# Will This Work?



## Wheaties (Aug 14, 2009)

And if so, why don't more people do it?

Why not screw a scrap piece of wood to your faceplate, slap a sicky piece of sandpaper on it, then put a jacobs chuck in the tail stock with the correct size pen mill and square the blank that way? Is there some reason that this will not be effective? It seems the easiest, cheapest, and no messing with complicated jigs or crappy pen mills. Am I missing something?


----------



## Randy_ (Aug 14, 2009)

It will work; But........
 
Think about it for a minute and you will see what the drawback is.


----------



## jkeithrussell (Aug 14, 2009)

I have used a standard mandrel with a piece of adhesive backed sandpaper attached to the headstock end (just unscrew the stick portion of the mandrel, attach the sandpaper, and re-attach the stick).  You can then use your milling sleeves to square up the ends or knock off the glue.  But, you can get wobble if your tail stock is too tight or if your lathe is not in proper alignment.  The system you described would suffer from even more wobble because of using the jacob's chuck.


----------



## jttheclockman (Aug 14, 2009)

Wheaties said:


> And if so, why don't more people do it?
> 
> Why not screw a scrap piece of wood to your faceplate, slap a sicky piece of sandpaper on it, then put a jacobs chuck in the tail stock with the correct size pen mill and square the blank that way? Is there some reason that this will not be effective? It seems the easiest, cheapest, and no messing with complicated jigs or crappy pen mills. Am I missing something?


 

Yea you are going to have to play that one out in your mind better and it will come to you.


----------



## Wildman (Aug 14, 2009)

Might not work with every kit! Worth a shot go for it.


----------



## bgibb42 (Aug 14, 2009)

I've had this same thought, but I'm drawing a blank on what the drawbacks may be.


----------



## Wheaties (Aug 14, 2009)

bgibb42 said:


> I've had this same thought, but I'm drawing a blank on what the drawbacks may be.

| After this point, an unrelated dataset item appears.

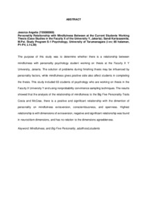 The purpose of this study was to determine whether there is a relationship between mindfulness with personality psychology student working on thesis at the Faculty X Y University, Jakarta. The solution of problems during finishing thesis may be influenced by personality factors, while mindfulness gives positive side also affect students in completing the thesis. This study included 63 students of psychology who are working on thesis in the Faculty X University Y and using nonprobability convinience sampling techniques. The results showed that the analysis of the relationship of mindfulness to the Big Five Personality Traits Costa and McCrae, there is a positive and significant relationship with the dimention of personality on mindfulness extraversion, conscientiousness, and openness. Highest relationship is with dimensions of extraversion, negative and significant relationship was found in neurocitism dimensions, and has no relation to the dimensions agreebleness.

Me too. I understand wobble may be an issue, but I can't think of anything other than that. I'll keep thinking. Might have to try it before I figure it out. Is it being so close to the center of rotation and sanding in opposite directions on either side of that blank? Not sure how that would be a problem though???


----------



## Mack C. (Aug 14, 2009)

Wheaties said:


> > screw a scrap piece of wood to your faceplate
> 
> 
> And watch that wobble!


----------



## KenV (Aug 14, 2009)

Depends on what "goodnuf" means for you -- 

That may depend on how much time, effort, and cost you have in the product you are seeking to make.   "Goodnuf" means tight control on precision when I have a lot of time and money invested.  Wobble is not a good word with $100 worth of parts and pieces plus time (think custom laser worked blanks with high end set of parts with custom work) and 1/2 day of time.


----------



## rjwolfe3 (Aug 14, 2009)

I guess I am confused as to the drawbacks as well. But then I have a hard time visualizing things in my mind. If the the faceplate is tight and the scrap wood is true and square and the jacobs chuck is tight and you use a sleeve with the mill, where is the wobble? Can someone help an old man out?


----------



## Wheaties (Aug 14, 2009)

rjwolfe3 said:


> I guess I am confused as to the drawbacks as well. But then I have a hard time visualizing things in my mind. If the the faceplate is tight and the scrap wood is true and square and the jacobs chuck is tight and you use a sleeve with the mill, where is the wobble? Can someone help an old man out?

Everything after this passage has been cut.